Task:
Although pictures appear in the data, the answer should contain only the lines from its start through the line with "Bihar Deputy Chief", written out exactly.

^^^^^^^^^^^^^^^^

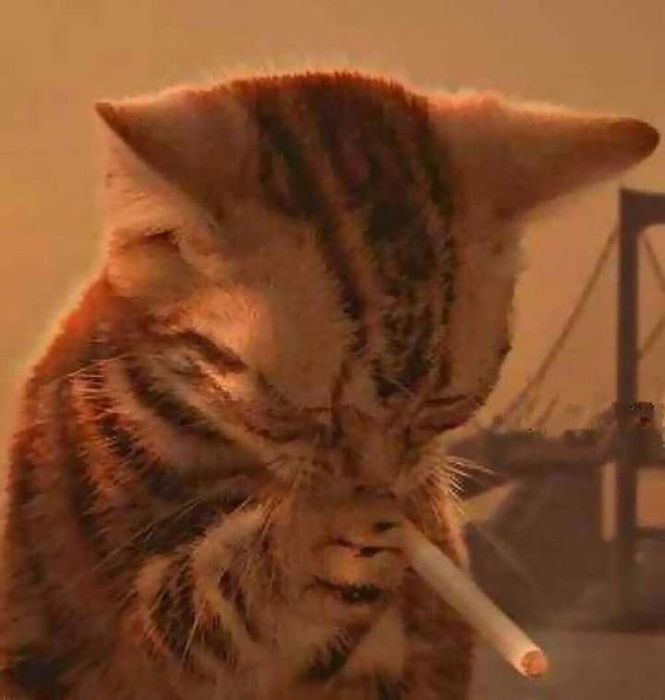 Meme mèo hút thuốc mang nét buồn trầm lắng
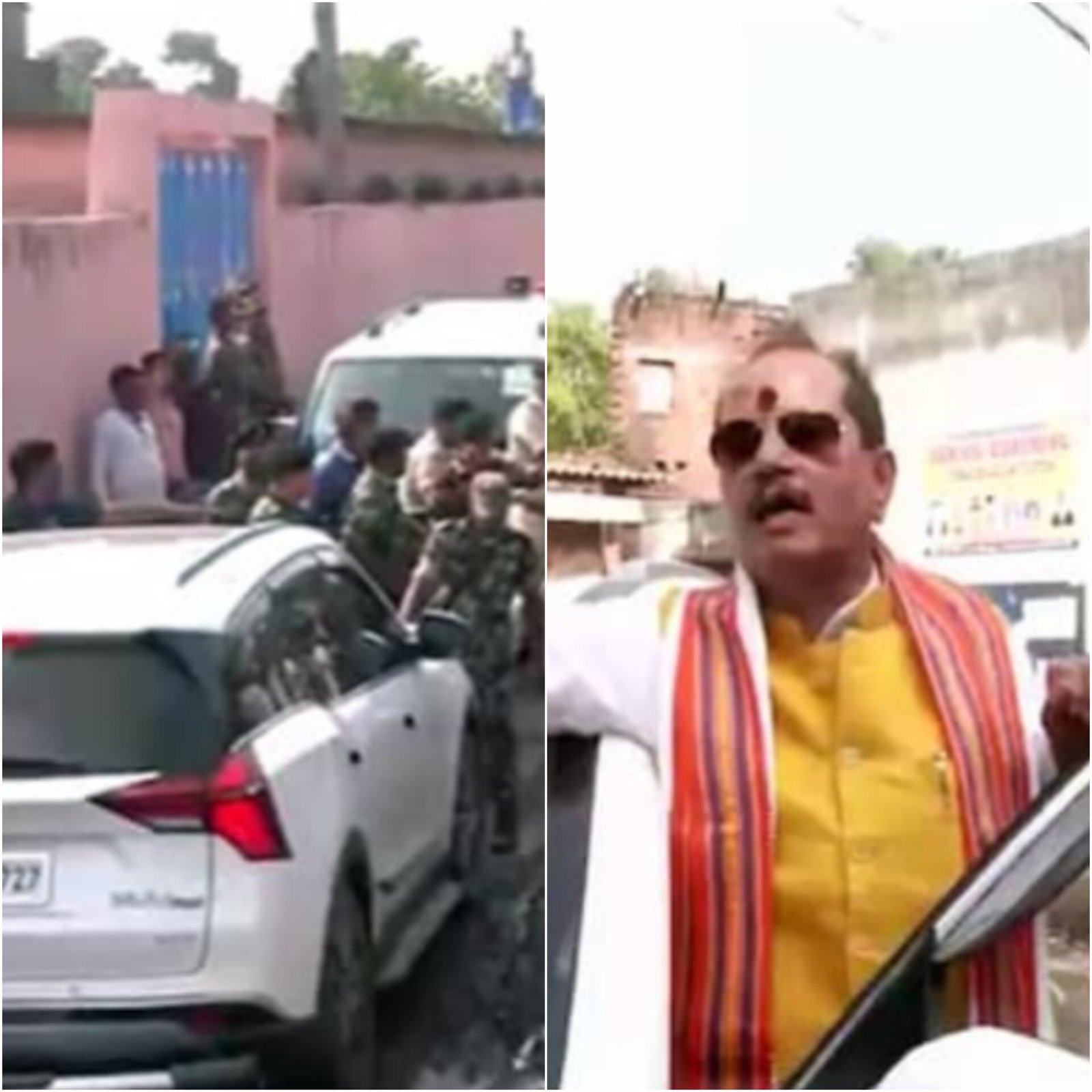 Bihar Deputy Chief Minister Vijay Kumar Sinha’s convoy was attacked in Lakhisarai on polling day. Unidentified people threw stones, cow dung, and slippers at his car. The BJP blamed RJD supporters for the attack. Sinha said the attackers tried to stop him from visiting Khoriari village and accused the local police of being weak. He demanded deployment of central forces and said he would protest in the village. Police called it a protest by locals and said the situation was under control. The Election Commission has asked the Bihar DGP to take strict action against those involved. (PC: ANI)
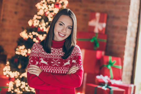 Photo of cheerful pretty young woman dressed red sweater celebrating new year arms folded smiling indoors room home house
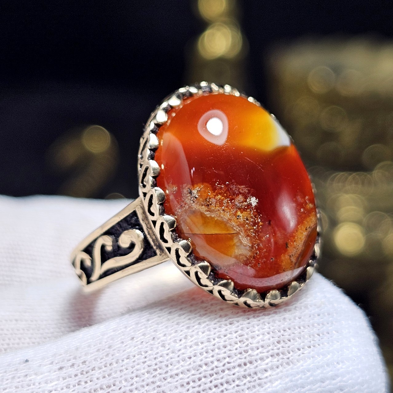 انگشتر نقره روس با سنگ عقیق سرخ معدنی خط دست کد 37019
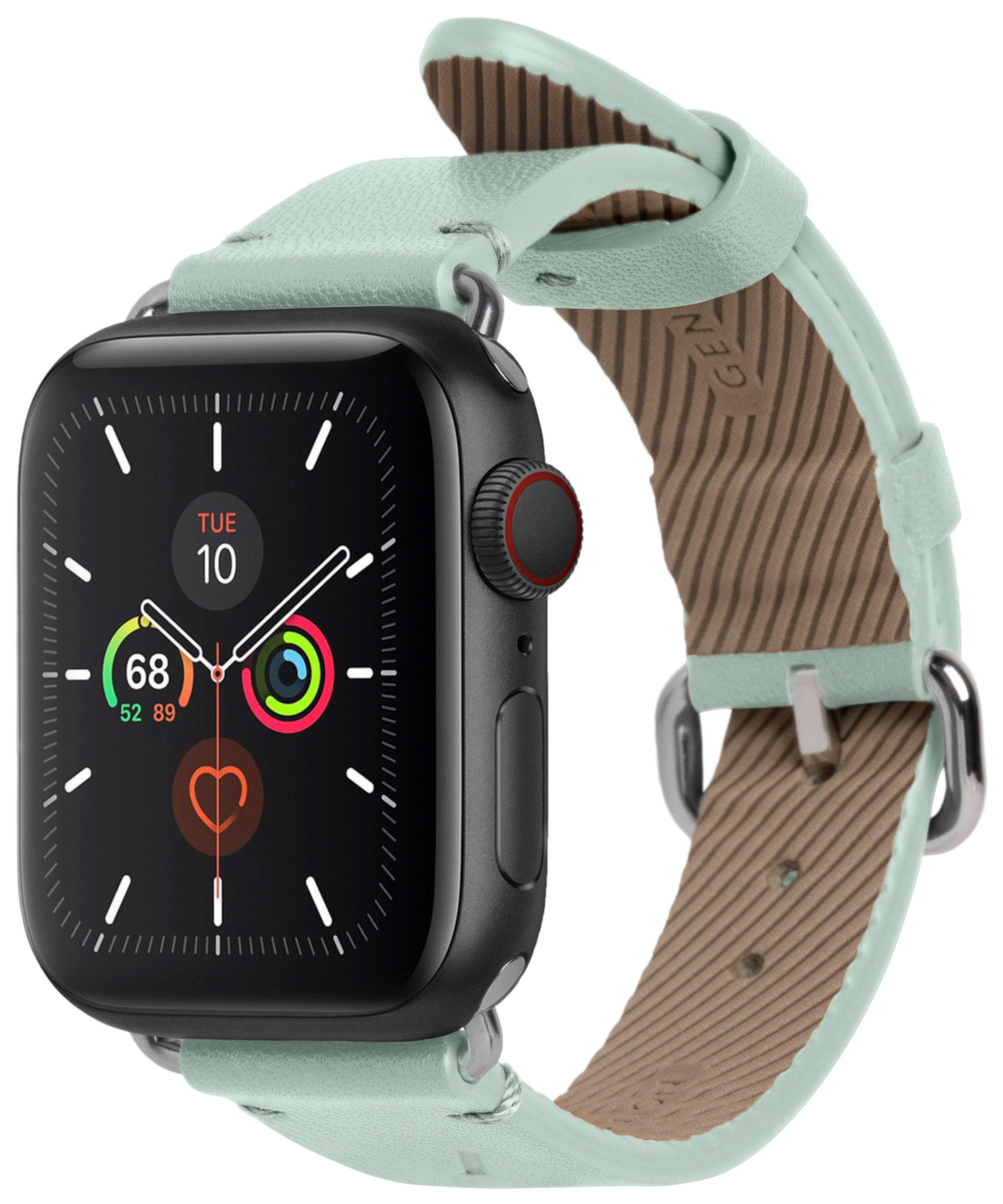 Native Union Classic Strap Sage 38/40/41 mm STRAP-AW-S-GRN on aidosta italialaisesta nahasta valmistettu vaaleanvihreä nahkaranneke Apple Watch -kelloon. Minimalistinen ja ohut ranneke patinoituu ajan kuluessa upean näköiseksi ja uniikiksi kappaleeksi. Rannekkeen solki on valmistettu ruostumattomasta teräksestä. Rannekkeen sisäpuoli on pehmeää nupukkinahkaa eli kellon pitäminen ranteessa pitkiäkin aikoja sujuu vaivattomasti. Rannekkeen pituus on 160 - 215 mm.

^^^^^^^^^^^^^^^^

Task solution:
 Meme mèo hút thuốc mang nét buồn trầm lắng
 Bihar Deputy Chief Minister Vijay Kumar Sinha’s convoy was attacked in Lakhisarai on polling day. Unidentified people threw stones, cow dung, and slippers at his car. The BJP blamed RJD supporters for the attack. Sinha said the attackers tried to stop him from visiting Khoriari village and accused the local police of being weak. He demanded deployment of central forces and said he would protest in the village. Police called it a protest by locals and said the situation was under control. The Election Commission has asked the Bihar DGP to take strict action against those involved. (PC: ANI)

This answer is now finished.